Residents concerned about E-1 music venue plan

Entrepreneur promises to address noise, traffic concerns

With a plan to create an Entertainment (E-1) District for a new music venue in Cullman moving forward, residents near the proposed Alabama Highway 157 site have mounted a campaign to halt the project.

More than 45 residents have signed a petition opposing a request to rezone 10 acres near Interstate 65, behind the Waffle House restaurant, to an E-1 District, which has less-restrictive alcohol regulations.

Local entrepreneur Bethany Seidel hopes to build a join-use, outdoor and indoor music venue on the site that could seat approximately 1,500 people for concerts and events. The facility would feature an indoor and outdoor stage, and host a handful of concerts, community events and fundraisers each month.

Click here for previous story on the proposed E-1 District.

The facility would also feature a full bar, tap room and brewery, which is why the E-1 designation is required. The city’s current alcohol ordinance only allows for restaurants to serve alcohol on-premises, unless the business is within an Entertainment District.

But, some residents who live near the proposed venue believe it is not the best location for a music hall. Despite some protestations, the request has received a favorable recommendation from the board and is now headed to the Cullman city council for review. The council could set a public hearing date for the zoning request at a Monday night meeting.
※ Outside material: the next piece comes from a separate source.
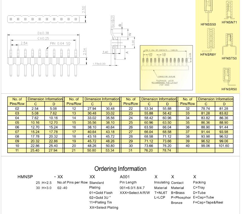 2.54mm single row Right angle SMT Male header HMNSPXX

If approved, the request would only rezone the property to E-1. Seidel would still have to go through the proper channels to have her site plan and proposal approved before work could actually begin.
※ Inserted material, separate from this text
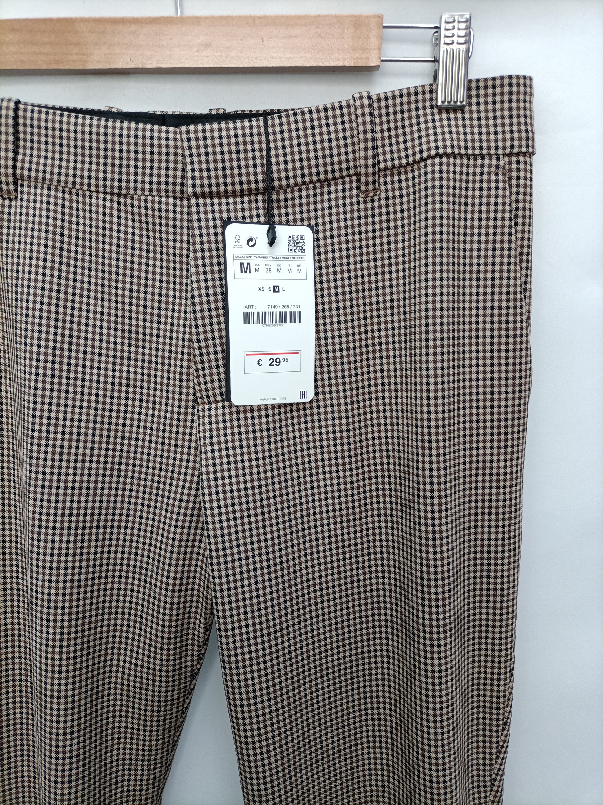 ZARA. Pantalón beige cuadros T.m

Leon Bentley, who lives on County Road 1163 near the affected lot, said he worries the location is too close to residential neighborhoods to host a music venue. He said an event with more than 1,000 people could also wreak havoc on the traffic flow feeding into Hwy. 157.

“We’re not against entertainment, but this is just too close to residential areas and we feel like with an outdoor theater, one of the biggest problems during summer would be noise,” he said. “I’d anticipate my windows rattling, and also be very concerned about traffic. It’s already very congested trying to get out at the restaurants there, so just imagine how bad this would be. I fear it would overburden the area with traffic and decrease our property values.”
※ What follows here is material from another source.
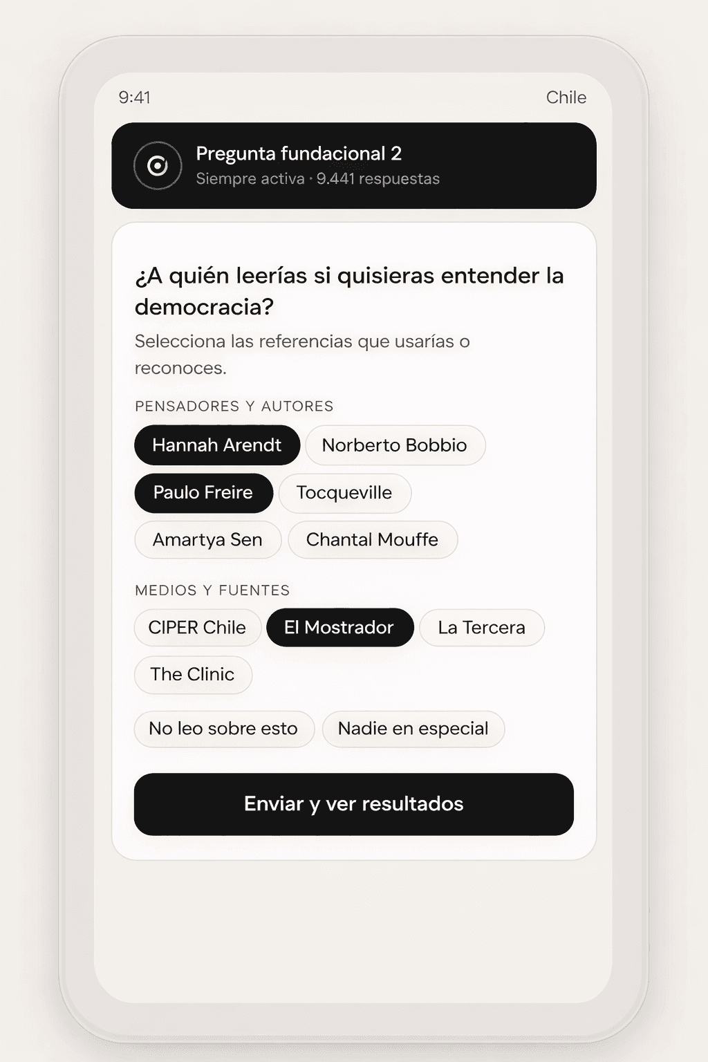 Herramienta de medición en tiempo real de lo que piensan en Chile sobre política, democracia y vida pública. Mide opinión sin orientarla, con datos útiles para investigación y política pública.

Chris Van Dyke, director of the Cullman Area Mental Health Authority, said his agency is formally opposed to the rezoning for myriad reasons. Most notably: He fears it would open the door for a bar to open across the street from the mental health office, which provides counseling for those facing substance and alcohol abuse.

“We’re worried about the influence it might have on what we’re trying to do here. Some of our adult clients have impulse control problems or decision-making issues, and if people could just leave and walk across the street to a bar that could be a problem,” Van Dyke said. “It’s just a bad location. We’re not opposed to entertainment districts, or a business like this, but the location isn’t a good one. The rezoning would allow for bars or nightclubs at some point on that property, and that’s the problem we have with it.”